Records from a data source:
%%

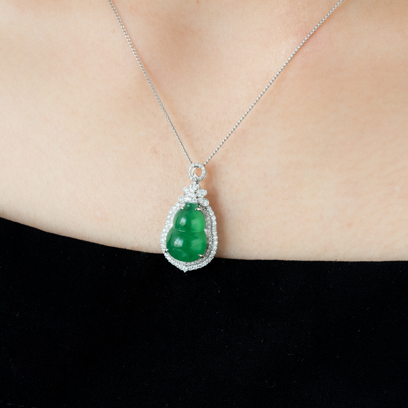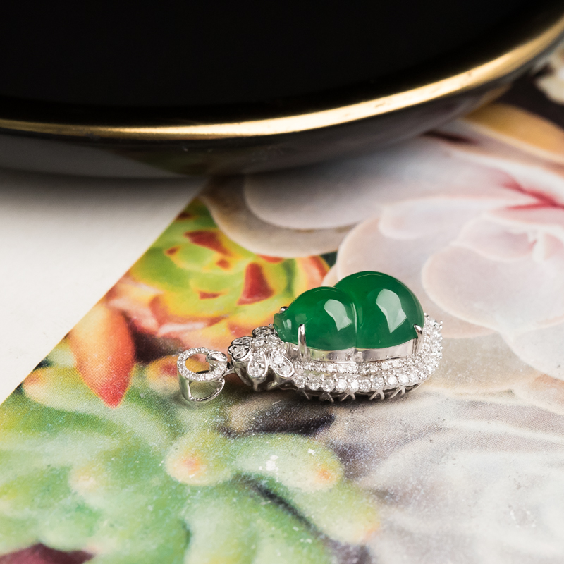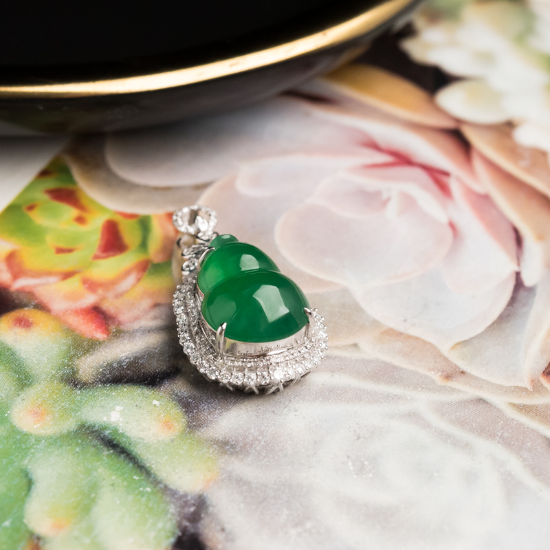 • 18K糯冰种翠绿翡翠福禄吊坠
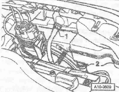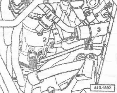 Вынуть маслоизмерительный щуп из направляющей трубки. Снять направляющую трубку «1» маслоизмерительного щупа. Снять маслозаливную трубку «2» с масляного бака. Высвободить электропроводку, ведущую к датчику уровня и температуры масла «G266» и к датчику частоты вращения двигателя «G28», из держателя масляного фильтра. Снять шум о изоляционный экран. Отсоединить штекерный разъем датчика давления масла -Fl «поз. 1». Поставить приспособление для откачки масла «V.A.G 1782» под двигатель. Вывернуть датчик давления масла. Снять напорную масляную магистраль, ведущую к турбонагнетателю, с держателя масляного фильтра «2». Поз. «3» не учитывать.
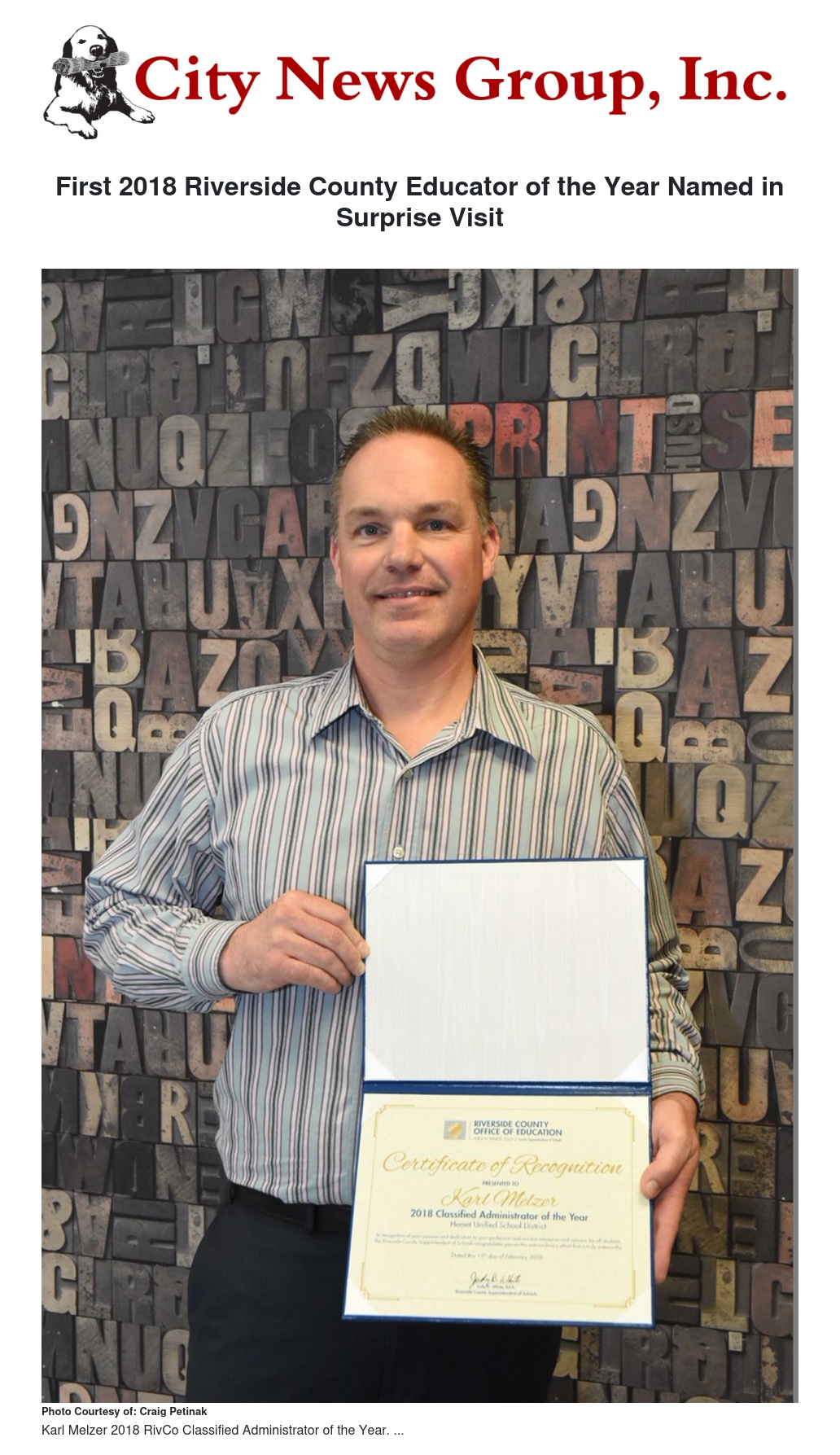 But having an entourage of dignitaries and photographers invade his print shop to surprise him with the 2018 Riverside County Classified Administrator of the Year Award on Thursday was a bit different.
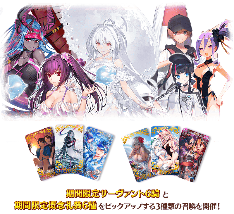 期間限定イベント「サーヴァント・サマー・フェスティバル2023!」の開幕を記念して、2022年の水着イベントで登場した期間限定サーヴァント6騎と期間限定概念礼装6種をピックアップする3種類の召喚を開催!
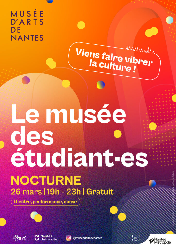 Jeudi 26 mars, le Musée d’arts donne à nouveau rendez-vous aux étudiantes et aux étudiants lors d’une nocturne exceptionnelle de 19h à 23h. À cette occasion, ces jeunes talents investissent le Palais et le Cube pour offrir au public une soirée immersive, rythmée par des performances musicales, chorégraphiques, théâtrales et des actions de médiation.

%%

◆ **Assignment**:
Should a record include a picture, drop the picture and write out the remainder exactly.

◆ **Response to the task**:
 • 18K糯冰种翠绿翡翠福禄吊坠
 Вынуть маслоизмерительный щуп из направляющей трубки. Снять направляющую трубку «1» маслоизмерительного щупа. Снять маслозаливную трубку «2» с масляного бака. Высвободить электропроводку, ведущую к датчику уровня и температуры масла «G266» и к датчику частоты вращения двигателя «G28», из держателя масляного фильтра. Снять шум о изоляционный экран. Отсоединить штекерный разъем датчика давления масла -Fl «поз. 1». Поставить приспособление для откачки масла «V.A.G 1782» под двигатель. Вывернуть датчик давления масла. Снять напорную масляную магистраль, ведущую к турбонагнетателю, с держателя масляного фильтра «2». Поз. «3» не учитывать.
 But having an entourage of dignitaries and photographers invade his print shop to surprise him with the 2018 Riverside County Classified Administrator of the Year Award on Thursday was a bit different.
 期間限定イベント「サーヴァント・サマー・フェスティバル2023!」の開幕を記念して、2022年の水着イベントで登場した期間限定サーヴァント6騎と期間限定概念礼装6種をピックアップする3種類の召喚を開催!
 Jeudi 26 mars, le Musée d’arts donne à nouveau rendez-vous aux étudiantes et aux étudiants lors d’une nocturne exceptionnelle de 19h à 23h. À cette occasion, ces jeunes talents investissent le Palais et le Cube pour offrir au public une soirée immersive, rythmée par des performances musicales, chorégraphiques, théâtrales et des actions de médiation.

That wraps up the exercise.